May 11 Chicago South (Alsip) Illinois
May 12 Chicago North (Elk Grove Village) Illinois

May 18 White Plains (New Rochelle) New York May 19 Albany (Troy) New York

For more information, please contact Customer Service at 1-800-260-8180 Monday-Friday 6 a.m. – 5 p.m. Pacific time or view the brochure online searching under Illinois or New York at: http://www.iedseminars.org/


2. PROMOTING RESPONSIBILITY


William McKinley, the 25th U.S. president, once had to choose between two equally qualified men for a key job. He puzzled over the choice until he remembered a long-ago incident.

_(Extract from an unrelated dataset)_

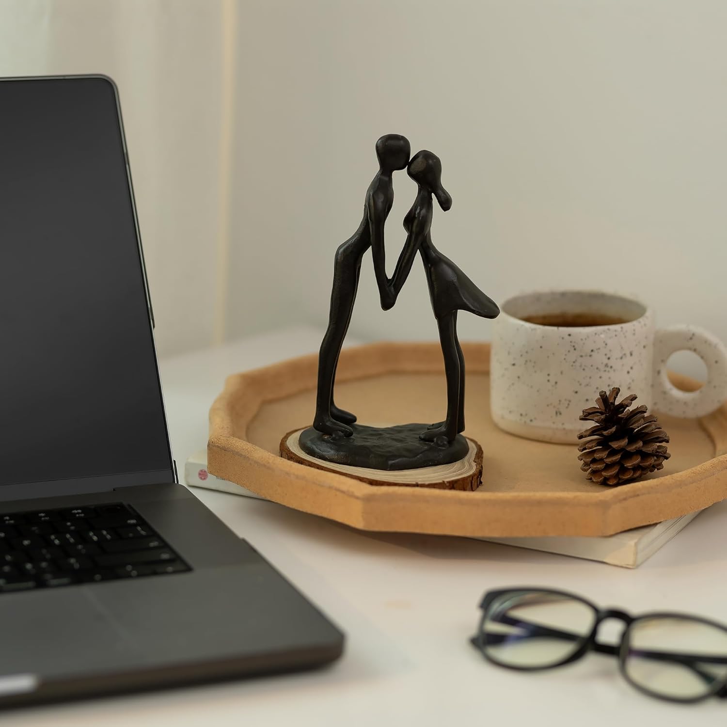 Sziqiqi Couple Sculptures Cast Iron Gift for Anniversaries Wedding Small Modern Abstract Figurine Decorative Metal Statues Romantic Passionate Love Ornament for Couples Valentines
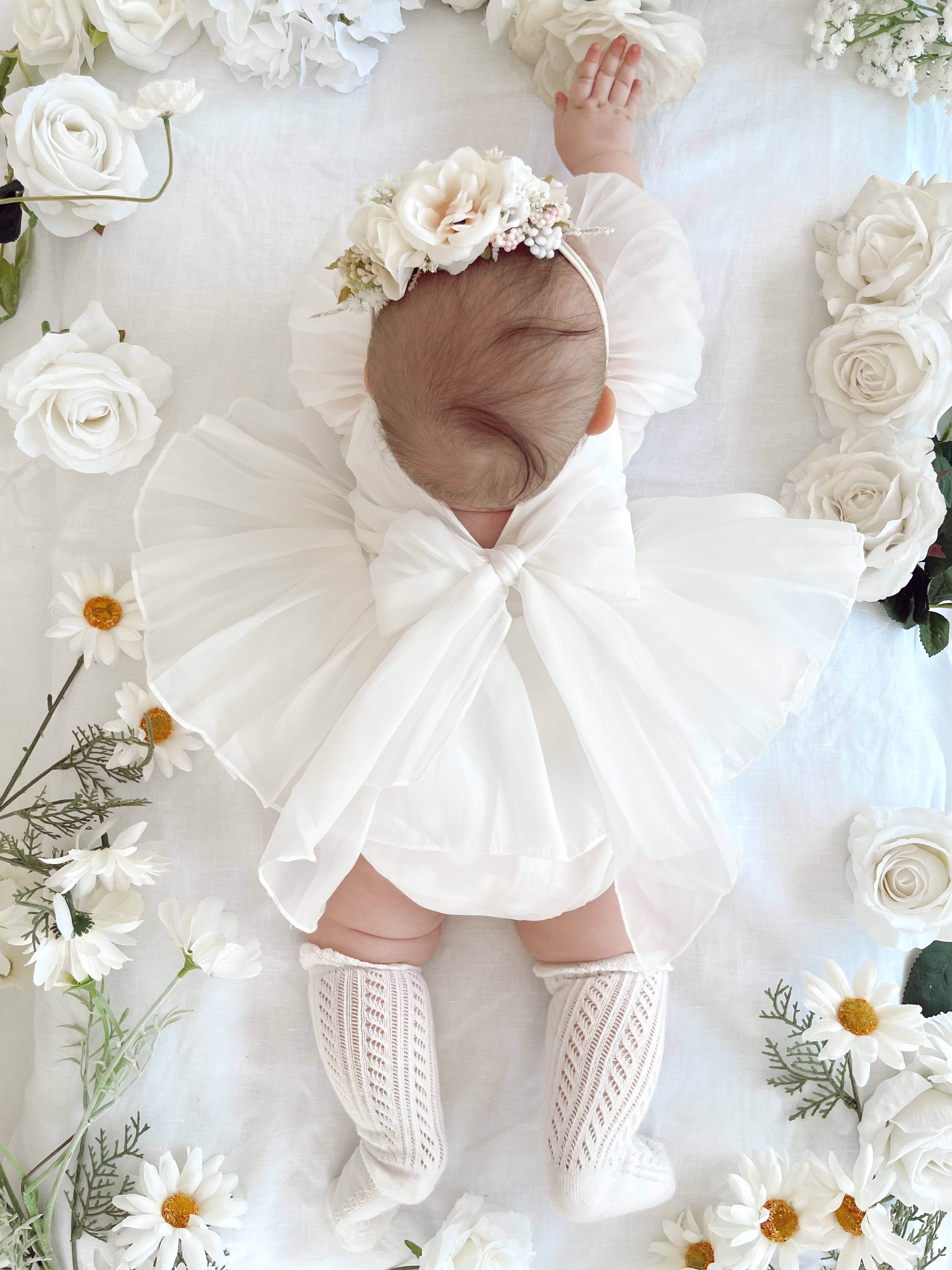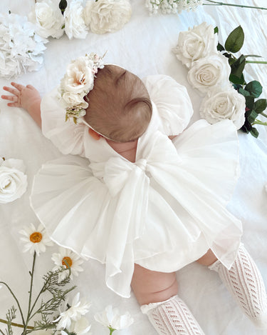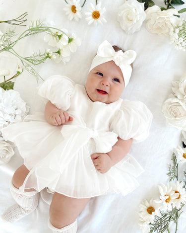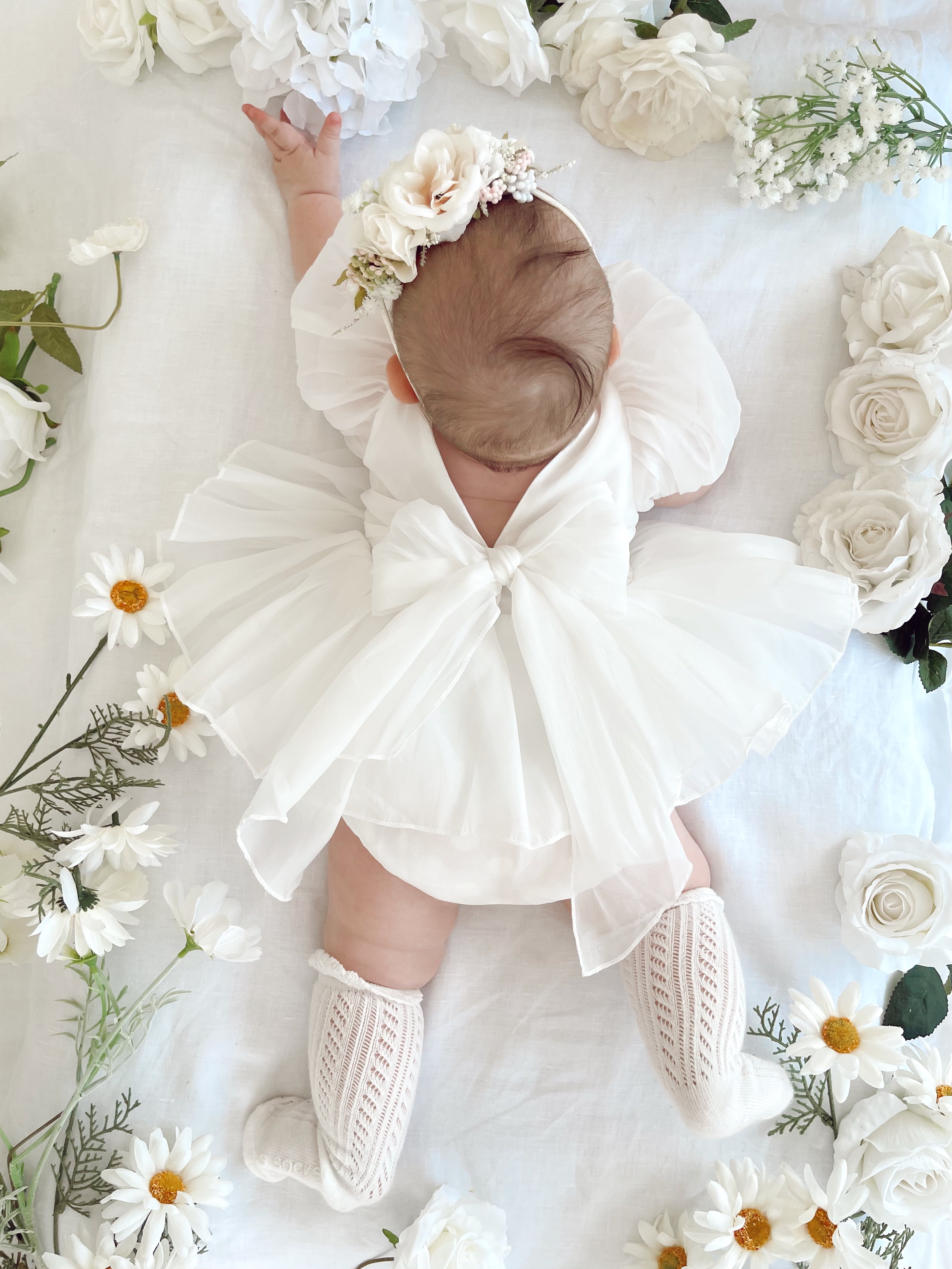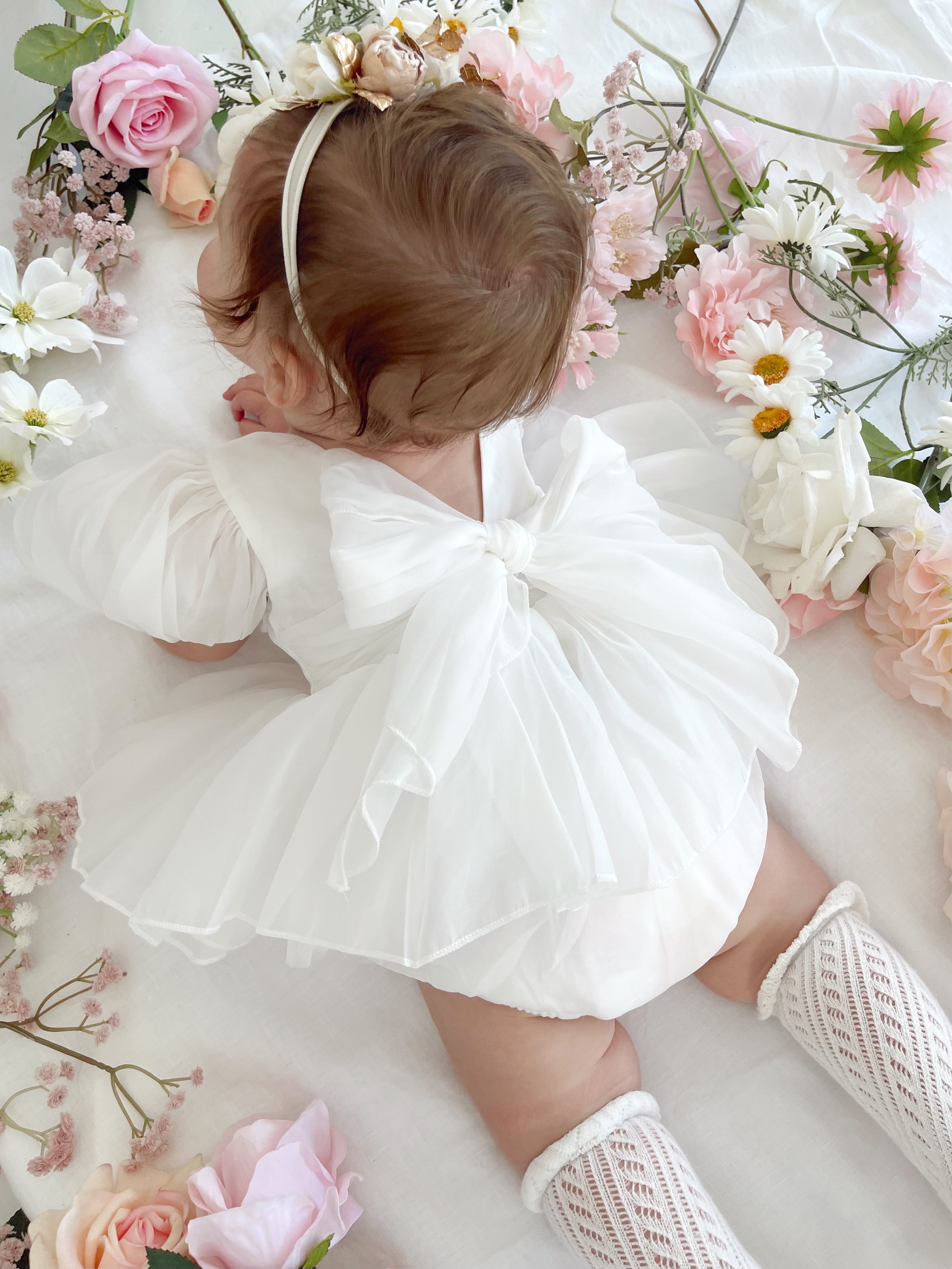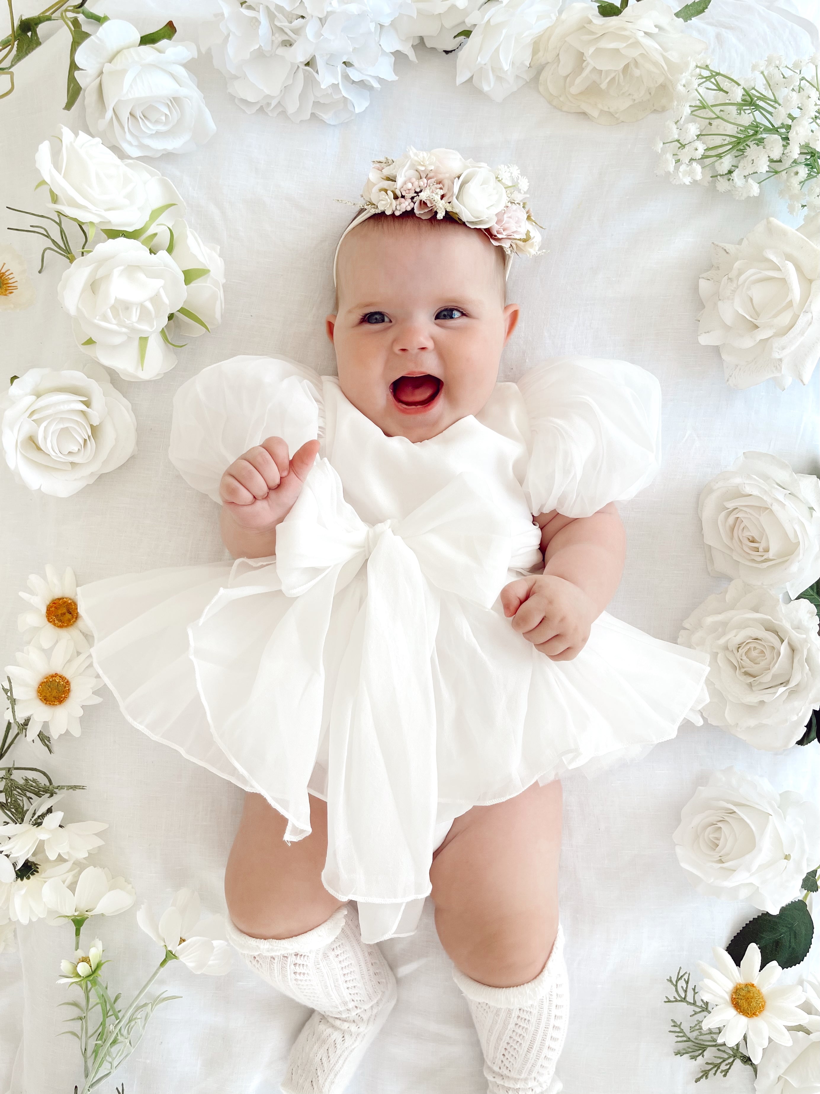 Prepare to be obsessed with the gorgeous Clementine Matte White Organza Baby Girl Romper!

On a rainy night, McKinley had boarded a crowded streetcar.
One of the men he was now considering had also been aboard though he didn’t see McKinley. An old woman carrying a basket of laundry struggled into the car, looking in vain for a seat. The job candidate pretended not to see her and kept his seat. McKinley gave up his seat to help her.

Remembering the episode, which he called “this little omission of kindness,” McKinley decided against the man on the streetcar.

Our decisions–even the small, fleeting ones–tell a lot about us and our responsibility and courtsy to others.


3. INCREASING EFFECTIVENESS


The March 7, 2011 issue of Newsweek Magazine contained an interesting article entitled, “I CAN’T THINK,” with the subheading, “The Twitterization of our culture has revolutionized our lives, but with an unintended consequence–our overloaded brains freeze when we have to make decisions.”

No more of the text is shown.